*WHAT IS NEEDED*.
Skip the pictures. Output only the lines below starting at the line with "default setting for" and ending at the line with "Six numbered cinema", both ends included, exactly as they are.

*EXCERPTED DATA*.

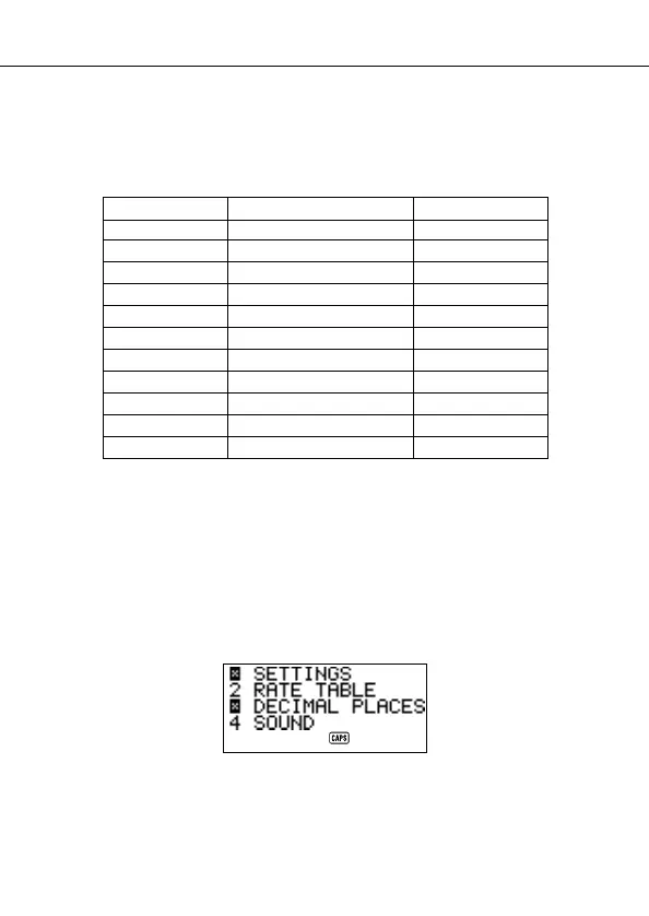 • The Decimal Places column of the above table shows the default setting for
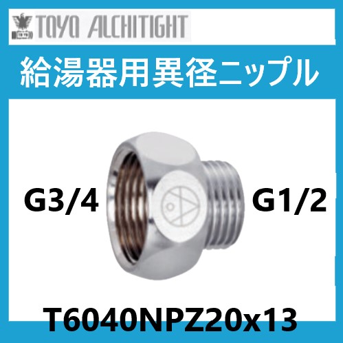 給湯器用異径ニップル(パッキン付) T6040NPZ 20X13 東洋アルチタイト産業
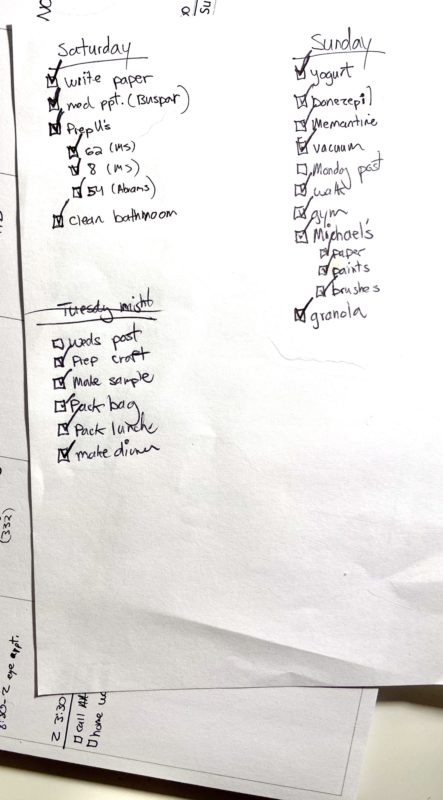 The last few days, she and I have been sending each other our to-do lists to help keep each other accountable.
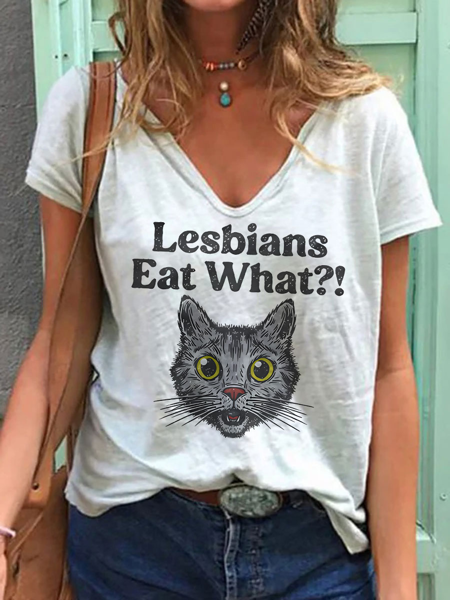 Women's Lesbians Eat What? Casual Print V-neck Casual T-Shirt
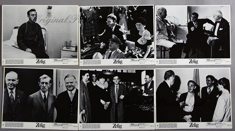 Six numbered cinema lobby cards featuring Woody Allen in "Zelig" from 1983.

...

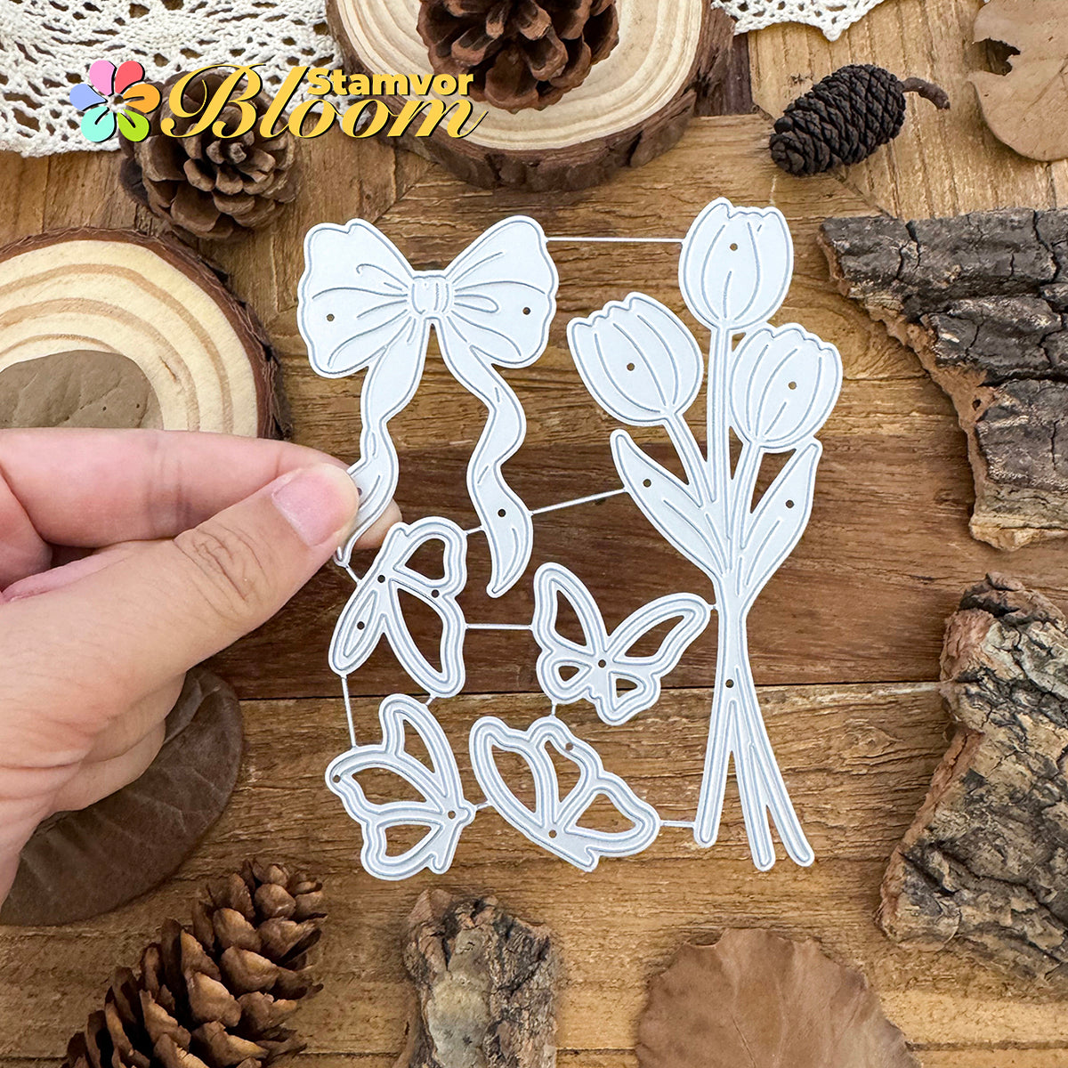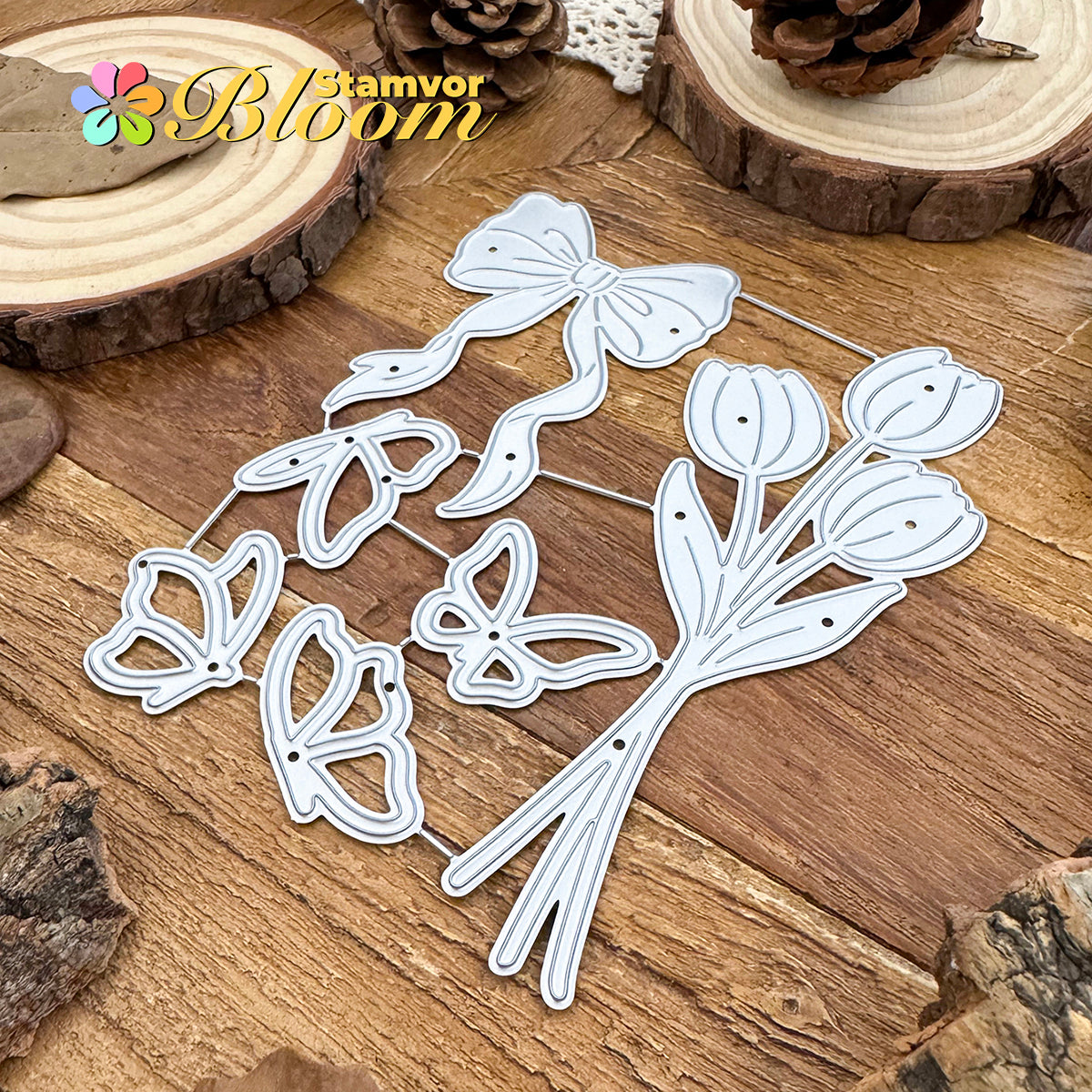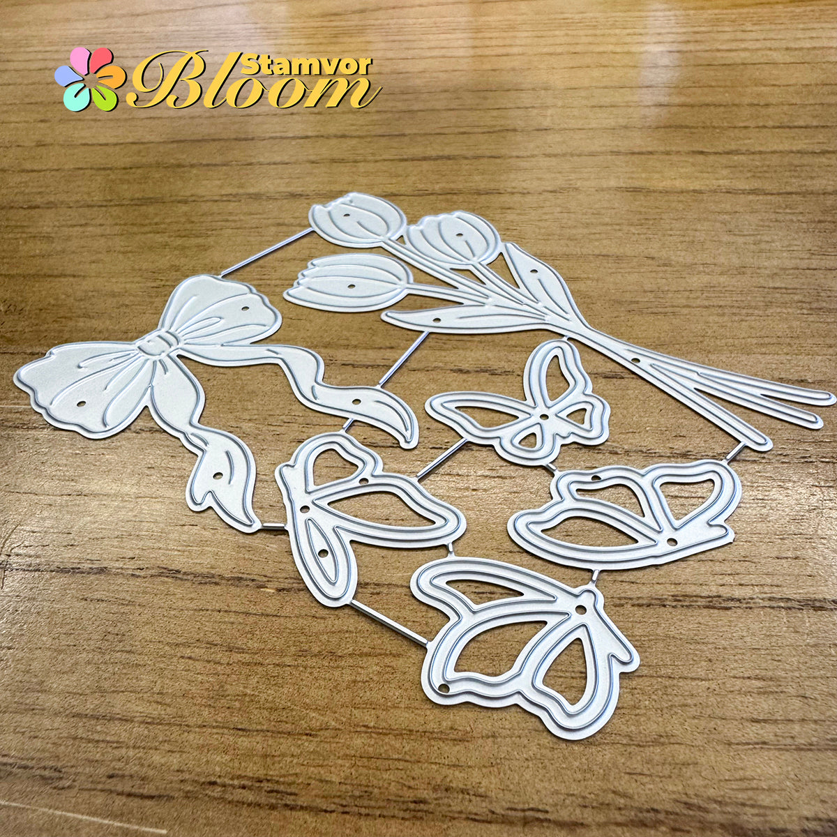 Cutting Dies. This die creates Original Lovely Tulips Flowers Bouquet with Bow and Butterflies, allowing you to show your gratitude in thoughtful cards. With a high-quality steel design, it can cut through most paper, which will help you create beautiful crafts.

*EXERCISE SOLUTION*.
 • The Decimal Places column of the above table shows the default setting for
 給湯器用異径ニップル(パッキン付) T6040NPZ 20X13 東洋アルチタイト産業
 The last few days, she and I have been sending each other our to-do lists to help keep each other accountable.
 Women's Lesbians Eat What? Casual Print V-neck Casual T-Shirt
 Six numbered cinema lobby cards featuring Woody Allen in "Zelig" from 1983.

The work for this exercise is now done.